WHAT YOU SHOULD DO:
Please transcribe the listing that follows exactly; images are to be excluded.
START INFORMATION GIVEN
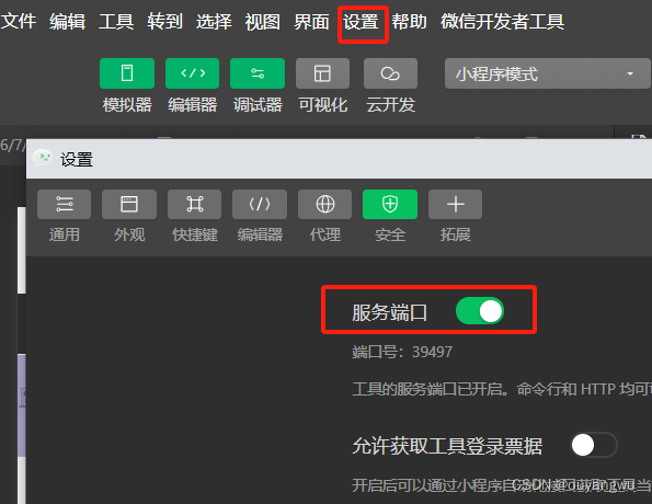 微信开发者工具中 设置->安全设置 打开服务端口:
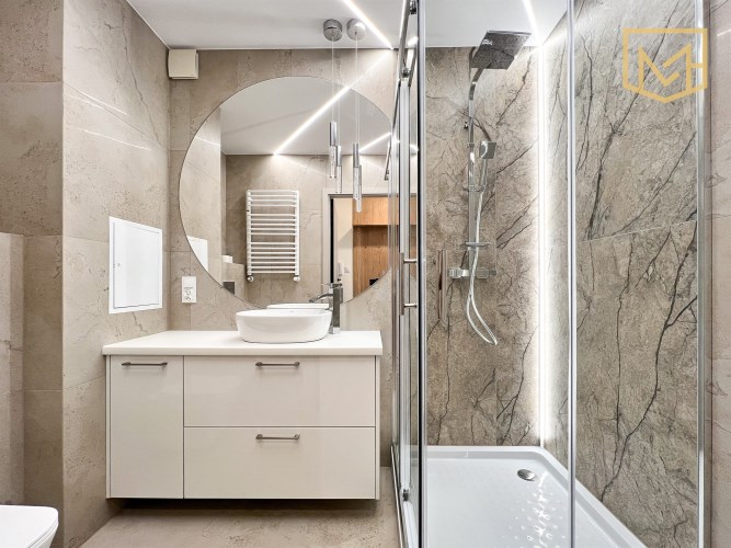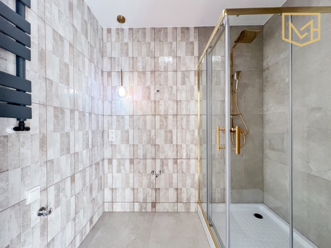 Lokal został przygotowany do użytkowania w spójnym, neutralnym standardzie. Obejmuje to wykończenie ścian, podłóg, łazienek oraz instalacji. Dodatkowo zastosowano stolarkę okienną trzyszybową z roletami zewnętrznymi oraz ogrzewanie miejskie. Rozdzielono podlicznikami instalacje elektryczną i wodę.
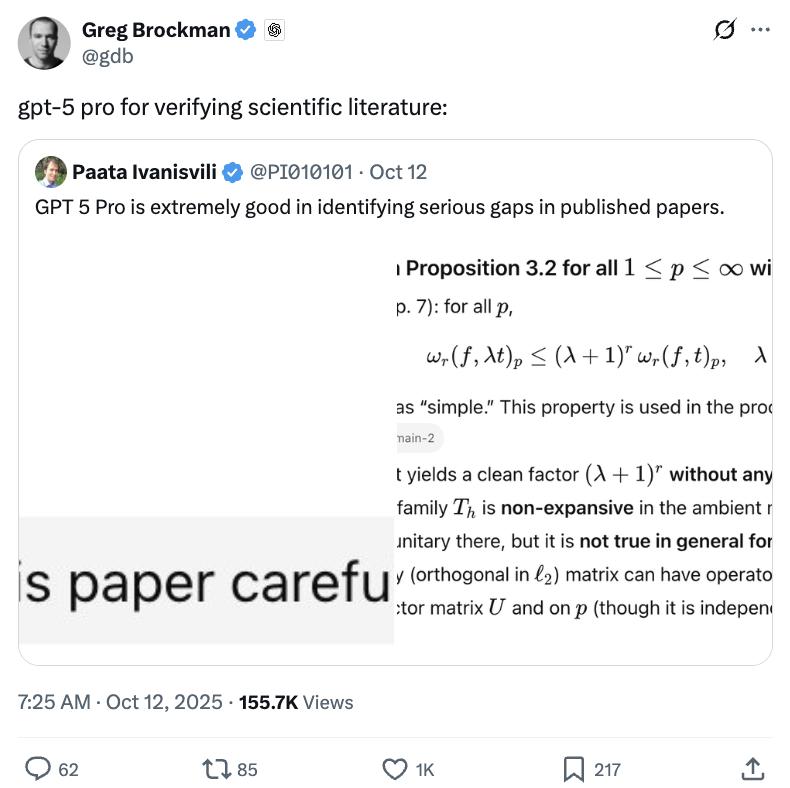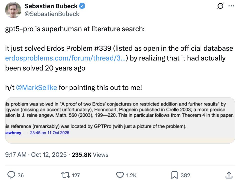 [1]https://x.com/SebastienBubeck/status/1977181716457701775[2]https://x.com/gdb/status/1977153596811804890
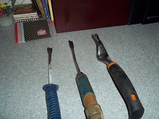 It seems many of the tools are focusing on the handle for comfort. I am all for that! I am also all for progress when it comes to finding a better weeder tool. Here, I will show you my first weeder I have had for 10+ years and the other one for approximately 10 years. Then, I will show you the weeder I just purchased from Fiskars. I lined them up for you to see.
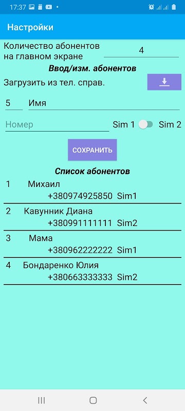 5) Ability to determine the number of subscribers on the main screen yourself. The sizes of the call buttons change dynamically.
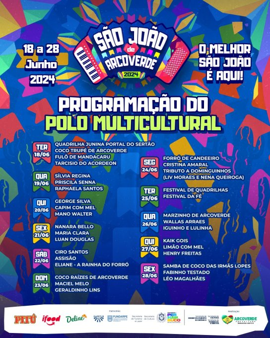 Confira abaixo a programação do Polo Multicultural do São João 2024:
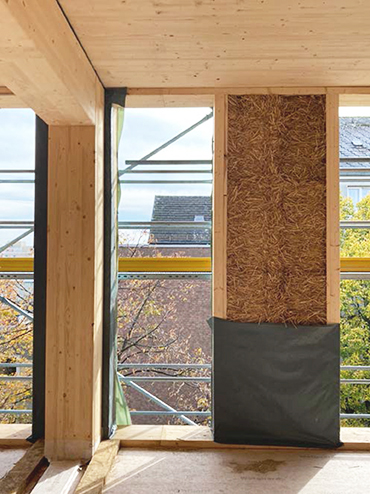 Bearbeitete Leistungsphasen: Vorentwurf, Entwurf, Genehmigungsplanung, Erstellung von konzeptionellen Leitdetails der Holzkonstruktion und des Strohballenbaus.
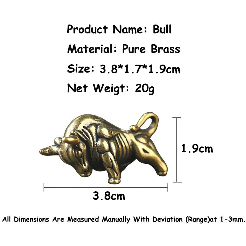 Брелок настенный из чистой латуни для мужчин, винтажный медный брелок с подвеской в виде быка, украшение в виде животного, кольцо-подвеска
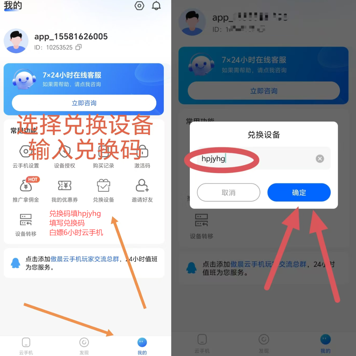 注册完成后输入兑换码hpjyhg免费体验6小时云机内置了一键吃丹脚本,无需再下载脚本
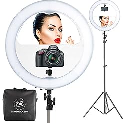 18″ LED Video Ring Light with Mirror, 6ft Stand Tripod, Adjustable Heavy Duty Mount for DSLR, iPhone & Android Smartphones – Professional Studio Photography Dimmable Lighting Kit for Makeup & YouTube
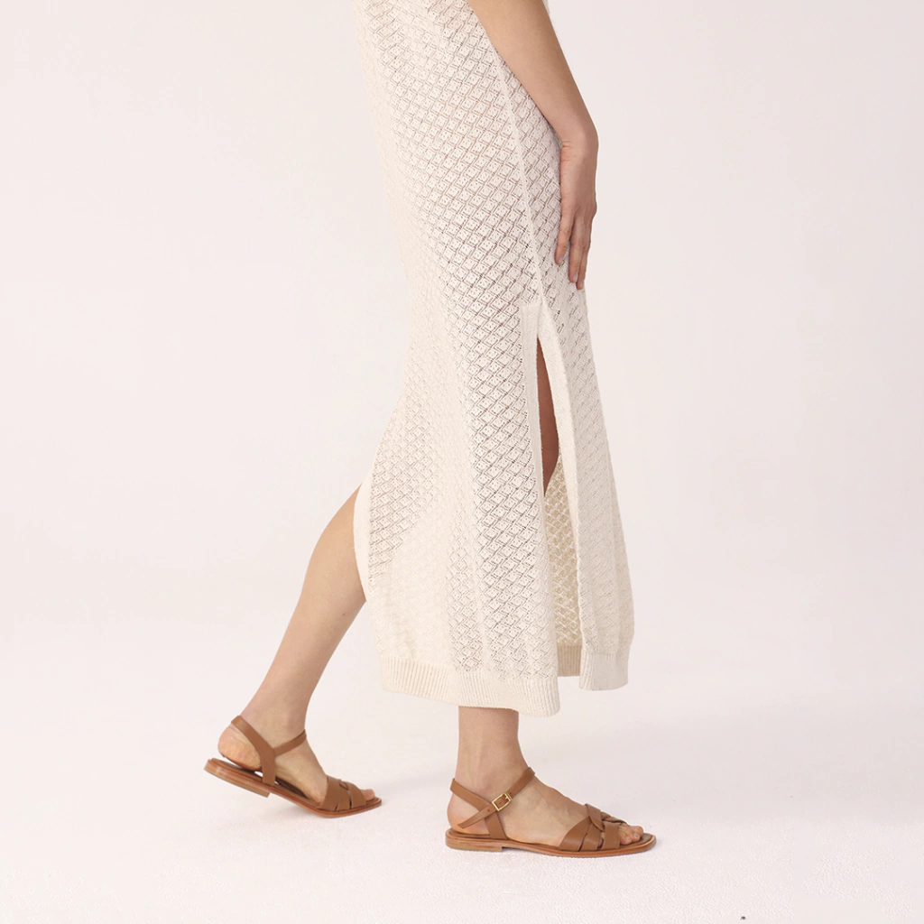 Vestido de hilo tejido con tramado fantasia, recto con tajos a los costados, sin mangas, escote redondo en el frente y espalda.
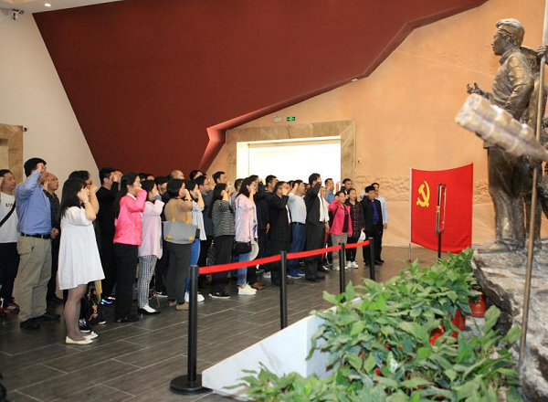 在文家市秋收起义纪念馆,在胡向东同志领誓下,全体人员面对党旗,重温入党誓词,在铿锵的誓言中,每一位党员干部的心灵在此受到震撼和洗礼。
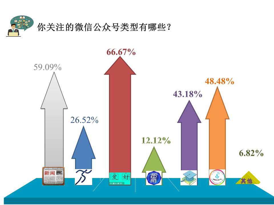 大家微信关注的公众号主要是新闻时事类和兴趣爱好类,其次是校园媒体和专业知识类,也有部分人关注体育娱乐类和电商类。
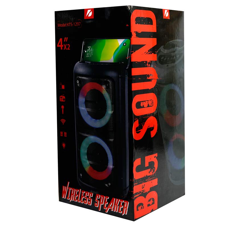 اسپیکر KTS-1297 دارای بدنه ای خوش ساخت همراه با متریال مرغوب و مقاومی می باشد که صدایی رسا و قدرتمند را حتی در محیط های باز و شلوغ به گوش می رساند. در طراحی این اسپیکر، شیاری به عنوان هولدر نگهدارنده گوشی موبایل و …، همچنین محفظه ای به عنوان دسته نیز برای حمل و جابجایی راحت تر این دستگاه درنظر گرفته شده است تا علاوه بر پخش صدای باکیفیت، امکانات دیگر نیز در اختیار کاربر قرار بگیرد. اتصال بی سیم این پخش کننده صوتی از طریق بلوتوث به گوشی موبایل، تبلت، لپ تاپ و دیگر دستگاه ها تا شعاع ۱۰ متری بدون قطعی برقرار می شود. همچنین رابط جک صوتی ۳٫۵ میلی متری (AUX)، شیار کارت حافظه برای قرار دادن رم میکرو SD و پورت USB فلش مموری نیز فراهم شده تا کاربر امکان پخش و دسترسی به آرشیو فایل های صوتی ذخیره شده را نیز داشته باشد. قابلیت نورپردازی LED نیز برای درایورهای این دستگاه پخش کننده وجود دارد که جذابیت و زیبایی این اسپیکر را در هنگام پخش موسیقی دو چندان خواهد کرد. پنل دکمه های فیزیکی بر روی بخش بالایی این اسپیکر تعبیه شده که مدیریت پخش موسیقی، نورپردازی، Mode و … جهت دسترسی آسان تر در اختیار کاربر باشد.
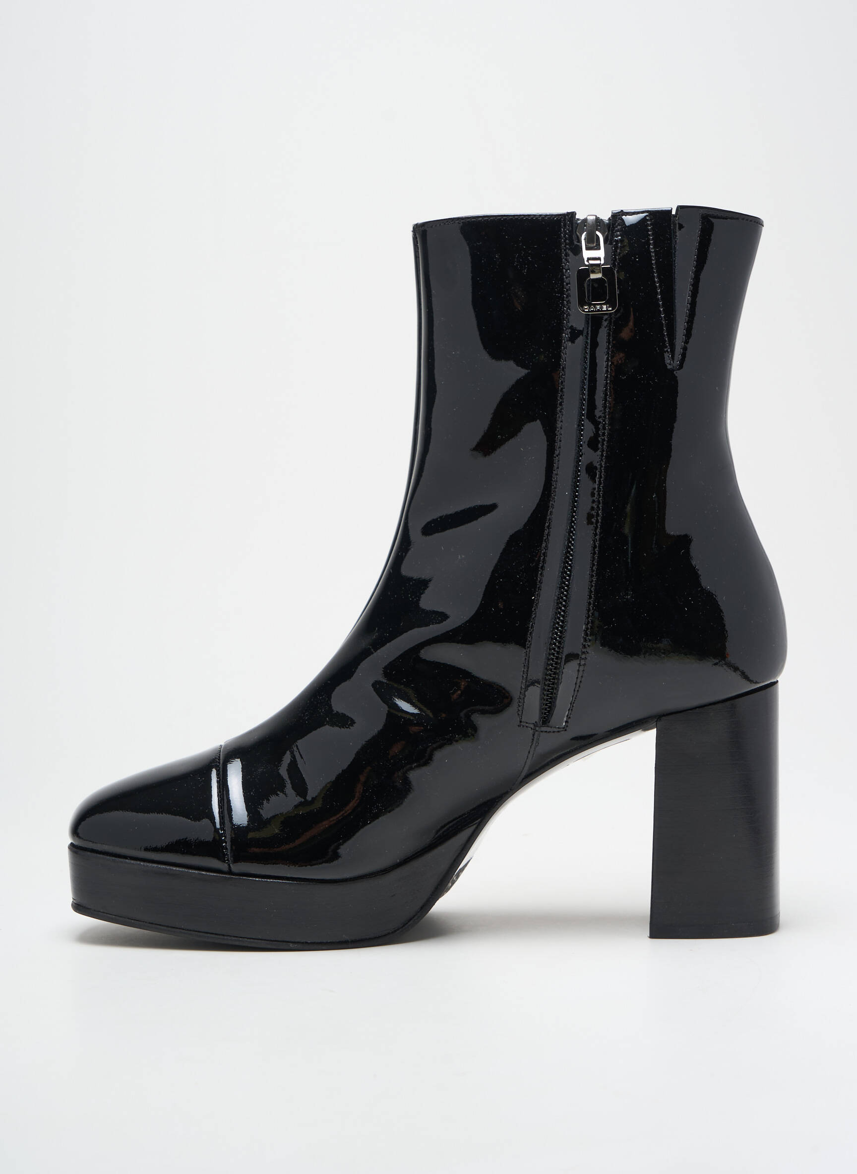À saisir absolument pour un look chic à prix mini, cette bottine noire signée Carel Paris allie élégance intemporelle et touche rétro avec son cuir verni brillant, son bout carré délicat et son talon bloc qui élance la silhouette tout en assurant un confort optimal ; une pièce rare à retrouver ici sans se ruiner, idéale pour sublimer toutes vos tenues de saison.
END INFORMATION GIVEN
RESULT:
 微信开发者工具中 设置->安全设置 打开服务端口:
 Lokal został przygotowany do użytkowania w spójnym, neutralnym standardzie. Obejmuje to wykończenie ścian, podłóg, łazienek oraz instalacji. Dodatkowo zastosowano stolarkę okienną trzyszybową z roletami zewnętrznymi oraz ogrzewanie miejskie. Rozdzielono podlicznikami instalacje elektryczną i wodę.
 [1]https://x.com/SebastienBubeck/status/1977181716457701775[2]https://x.com/gdb/status/1977153596811804890
 It seems many of the tools are focusing on the handle for comfort. I am all for that! I am also all for progress when it comes to finding a better weeder tool. Here, I will show you my first weeder I have had for 10+ years and the other one for approximately 10 years. Then, I will show you the weeder I just purchased from Fiskars. I lined them up for you to see.
 5) Ability to determine the number of subscribers on the main screen yourself. The sizes of the call buttons change dynamically.
 Confira abaixo a programação do Polo Multicultural do São João 2024:
 Bearbeitete Leistungsphasen: Vorentwurf, Entwurf, Genehmigungsplanung, Erstellung von konzeptionellen Leitdetails der Holzkonstruktion und des Strohballenbaus.
 Брелок настенный из чистой латуни для мужчин, винтажный медный брелок с подвеской в виде быка, украшение в виде животного, кольцо-подвеска
 注册完成后输入兑换码hpjyhg免费体验6小时云机内置了一键吃丹脚本,无需再下载脚本
 18″ LED Video Ring Light with Mirror, 6ft Stand Tripod, Adjustable Heavy Duty Mount for DSLR, iPhone & Android Smartphones – Professional Studio Photography Dimmable Lighting Kit for Makeup & YouTube
 Vestido de hilo tejido con tramado fantasia, recto con tajos a los costados, sin mangas, escote redondo en el frente y espalda.
 在文家市秋收起义纪念馆,在胡向东同志领誓下,全体人员面对党旗,重温入党誓词,在铿锵的誓言中,每一位党员干部的心灵在此受到震撼和洗礼。
 大家微信关注的公众号主要是新闻时事类和兴趣爱好类,其次是校园媒体和专业知识类,也有部分人关注体育娱乐类和电商类。
 اسپیکر KTS-1297 دارای بدنه ای خوش ساخت همراه با متریال مرغوب و مقاومی می باشد که صدایی رسا و قدرتمند را حتی در محیط های باز و شلوغ به گوش می رساند. در طراحی این اسپیکر، شیاری به عنوان هولدر نگهدارنده گوشی موبایل و …، همچنین محفظه ای به عنوان دسته نیز برای حمل و جابجایی راحت تر این دستگاه درنظر گرفته شده است تا علاوه بر پخش صدای باکیفیت، امکانات دیگر نیز در اختیار کاربر قرار بگیرد. اتصال بی سیم این پخش کننده صوتی از طریق بلوتوث به گوشی موبایل، تبلت، لپ تاپ و دیگر دستگاه ها تا شعاع ۱۰ متری بدون قطعی برقرار می شود. همچنین رابط جک صوتی ۳٫۵ میلی متری (AUX)، شیار کارت حافظه برای قرار دادن رم میکرو SD و پورت USB فلش مموری نیز فراهم شده تا کاربر امکان پخش و دسترسی به آرشیو فایل های صوتی ذخیره شده را نیز داشته باشد. قابلیت نورپردازی LED نیز برای درایورهای این دستگاه پخش کننده وجود دارد که جذابیت و زیبایی این اسپیکر را در هنگام پخش موسیقی دو چندان خواهد کرد. پنل دکمه های فیزیکی بر روی بخش بالایی این اسپیکر تعبیه شده که مدیریت پخش موسیقی، نورپردازی، Mode و … جهت دسترسی آسان تر در اختیار کاربر باشد.
À saisir absolument pour un look chic à prix mini, cette bottine noire signée Carel Paris allie élégance intemporelle et touche rétro avec son cuir verni brillant, son bout carré délicat et son talon bloc qui élance la silhouette tout en assurant un confort optimal ; une pièce rare à retrouver ici sans se ruiner, idéale pour sublimer toutes vos tenues de saison.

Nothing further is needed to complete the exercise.